Freelancer taxes abroad: how to pay legally
Residency, contracts, and compliant setups for working from another country in 2026.
Freelancing from another country raises a core question: where and how to pay tax legally. That shapes risk, comfort, and long-term stability. Below: residency basics, business forms, and typical remote setups.
Tax residency
You usually pay income tax in the country where you are tax resident. The common test is 183 days in a calendar year — above that, many countries treat you as resident and tax worldwide income. Some add “centre of vital interests” or citizenship tests. If you live in Georgia or Portugal more than half the year, you are typically resident there and should declare there — subject to overlap with your previous home country’s rules. Check both sides.

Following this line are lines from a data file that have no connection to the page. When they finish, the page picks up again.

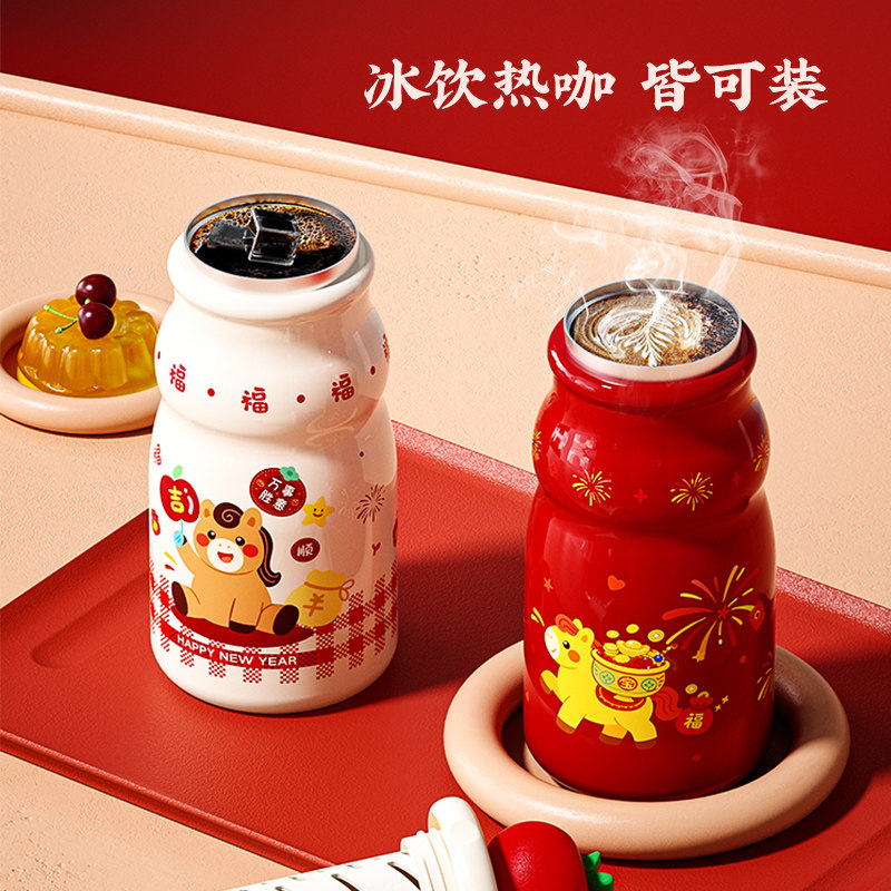 奇古堂吸管保温杯女生新款2025高颜值水杯小巧便携马年杯子陶瓷X
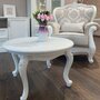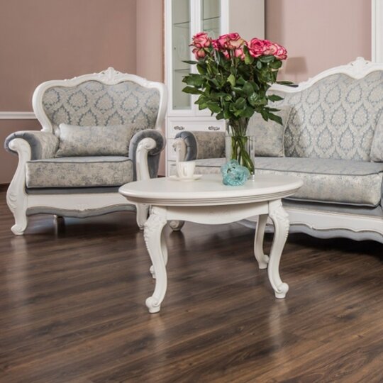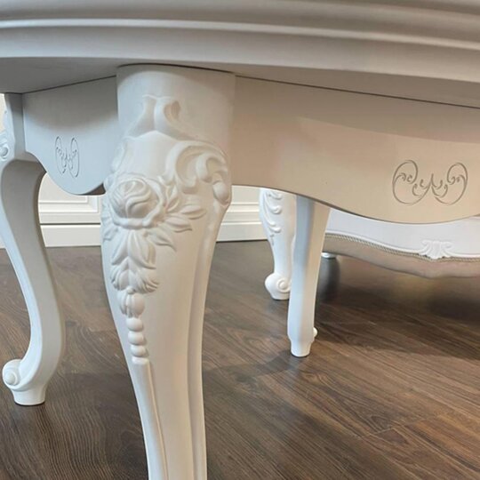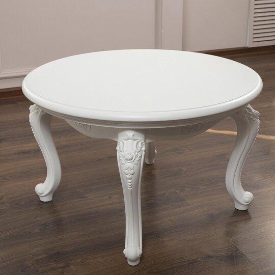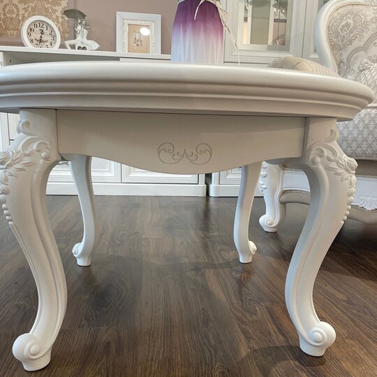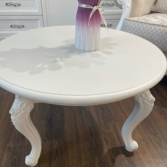 Великолепный журнальный столик с круглой столешницей толщиной 6 см, с фигурной царгой на четырех резных опорах кабриоль, декорированных изысканной цветочной лепниной. Продукция производится в Ставрополе компанией «ЭРА». Пользователю достаточно выбрать в каталоге приглянувшееся изделие, а менеджеры нашей компании отправят его в любой район Крыма бесплатно
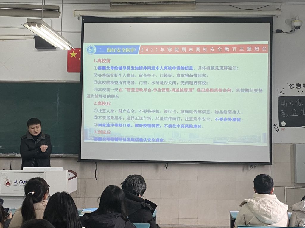 最后,刘少杰就关于寒假放假的相关信息进行了通报和提醒,对离校前的请假要求和离寝前的准备工作为同学们做详细说明,确保所有同学们安全离校,安全到家。同时,刘少杰提醒大家要充分利用寒假时间,主动学习、多与家人相处,在保证安全的前提下积极进行社会实践,丰富自己的假期生活。
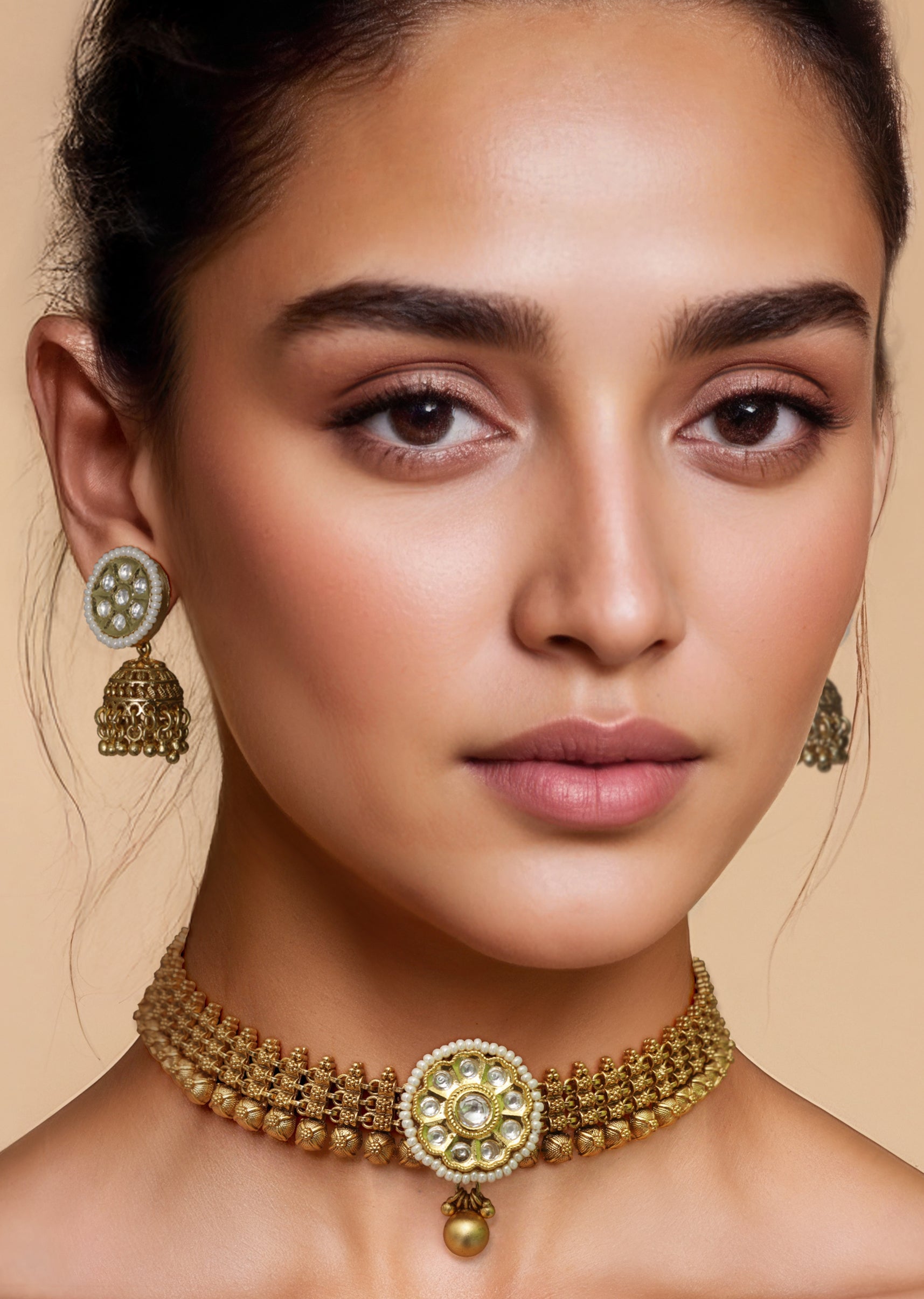 A gold Rajwadi kundan necklace and earring set featuring intricate traditional motifs and sparkling kundan stones, exuding royal elegance. Perfect for adding a majestic touch to bridal, festive, or ethnic... More Product Details
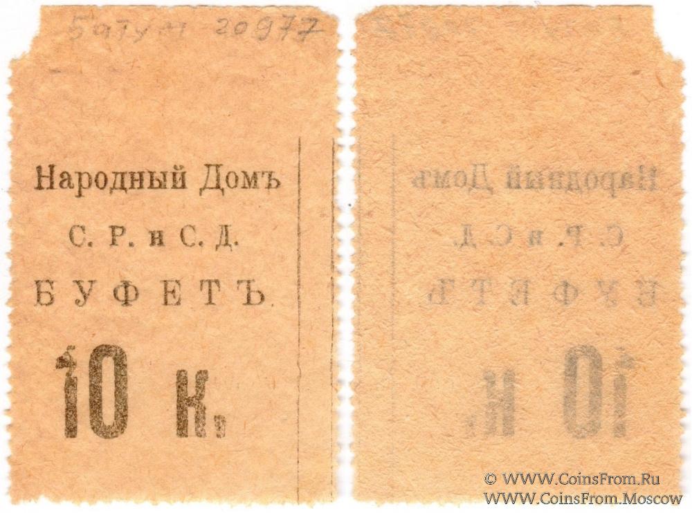 Цифра "1" в номинале "с носиком". Буква "К" малая, точка после "К" больше. Народный Дом Совета Рабочих и Солдатских Депутатов (С.Р.и С.Д.). Буфет.

Sole trader, company, self-employed
In your country of residence you might work as self-employed (where regimes exist), as a sole trader, or through a company. Each has different rates, filings, and caps. Self-employment can simplify accounting; sole traders and LLCs add flexibility at higher income. Some countries favour local companies for profit tax vs personal rates — depends on income and plans.
Client contracts
Legality means contracts and facts align: you work from your place of residence, money lands on your account (personal or business), income is declared. Cross-border client agreements should state scope, payment, details, and governing law where relevant. Receiving foreign transfers is usually fine if declared. Fake offshore residency without real presence creates risk.
Double taxation
If ties or income span two countries, both might claim tax. Double tax treaties (DTTs) assign taxing rights and often credit tax paid abroad. When you move, check if a DTT exists between your new residence and client or former home countries and how your income type is treated.
Country examples
Georgia: 183+ days often means residency; foreign-sourced freelance rules have been favourable — verify current law. Portugal: former NHR-style benefits changed — check live rules. Spain: DNV may allow a special fixed rate band. Montenegro, Serbia: relatively low personal rates. Rules change — local advisers are essential.
Practical tips
Fix your tax residency based on real stay and local tests. Track days and keep evidence (tickets, leases, statements). Pick a legal form that matches income. Use clear client contracts and keep records. File on time in your residence state; use DTTs where applicable. A one-off consult often saves more than it costs.